--- The task ---
Look through the entries below and copy exactly the part that begins with the line containing "Jadau Kundan 925" and ends with the line containing "وزعم بعض الناس". Do not copy the pictures.

--- Entries provided ---
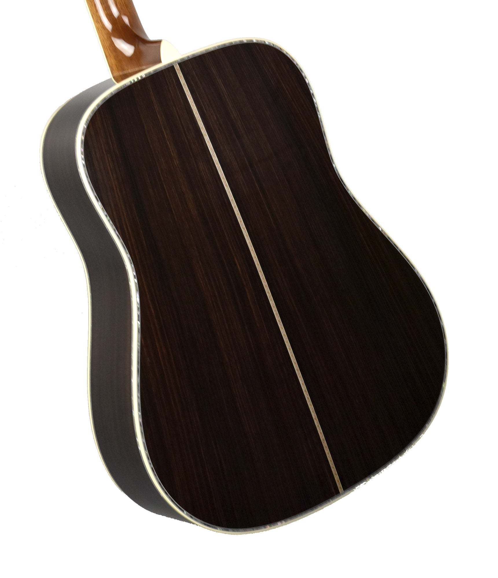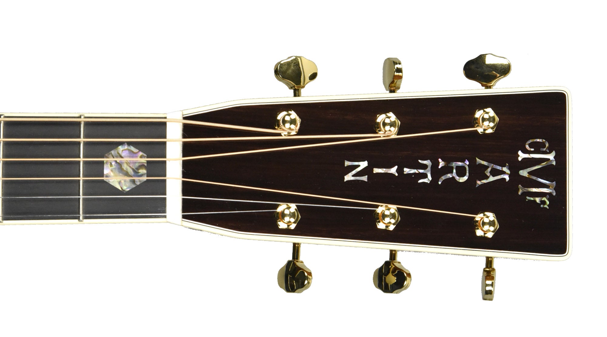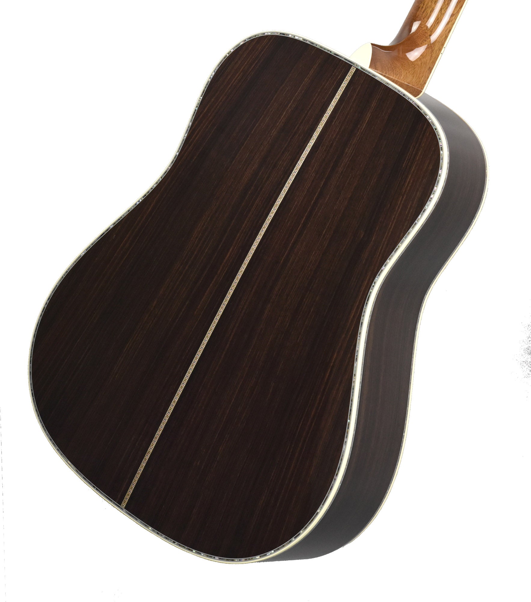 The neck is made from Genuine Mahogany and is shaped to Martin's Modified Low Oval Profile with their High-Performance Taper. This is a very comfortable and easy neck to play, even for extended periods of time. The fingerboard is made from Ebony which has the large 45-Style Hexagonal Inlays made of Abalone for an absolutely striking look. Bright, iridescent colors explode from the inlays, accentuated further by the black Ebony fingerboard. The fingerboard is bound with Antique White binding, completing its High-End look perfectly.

* * *

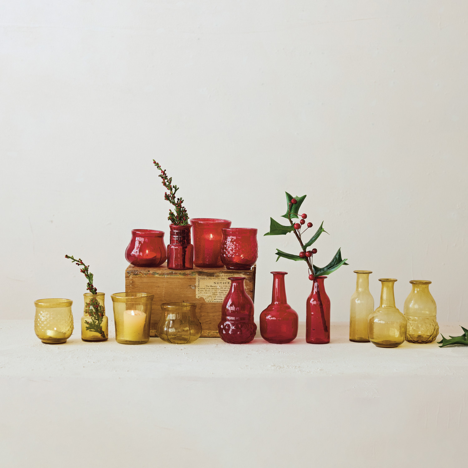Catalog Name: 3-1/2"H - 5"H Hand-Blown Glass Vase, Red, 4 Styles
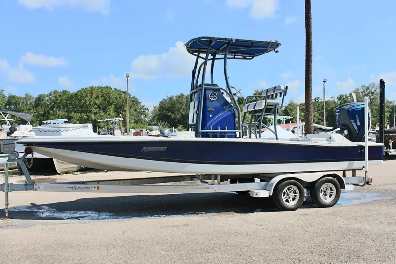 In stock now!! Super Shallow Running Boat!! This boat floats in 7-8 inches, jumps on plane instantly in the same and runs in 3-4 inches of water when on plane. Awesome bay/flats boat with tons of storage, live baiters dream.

==

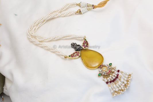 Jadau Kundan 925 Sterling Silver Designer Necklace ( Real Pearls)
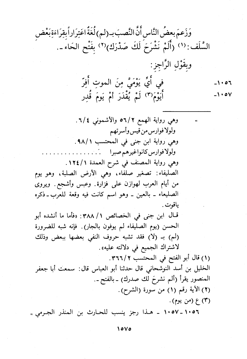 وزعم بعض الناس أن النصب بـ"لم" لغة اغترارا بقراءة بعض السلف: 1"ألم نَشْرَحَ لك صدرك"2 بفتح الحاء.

--- Finished exercise ---
 Jadau Kundan 925 Sterling Silver Designer Necklace ( Real Pearls)
 وزعم بعض الناس أن النصب بـ"لم" لغة اغترارا بقراءة بعض السلف: 1"ألم نَشْرَحَ لك صدرك"2 بفتح الحاء.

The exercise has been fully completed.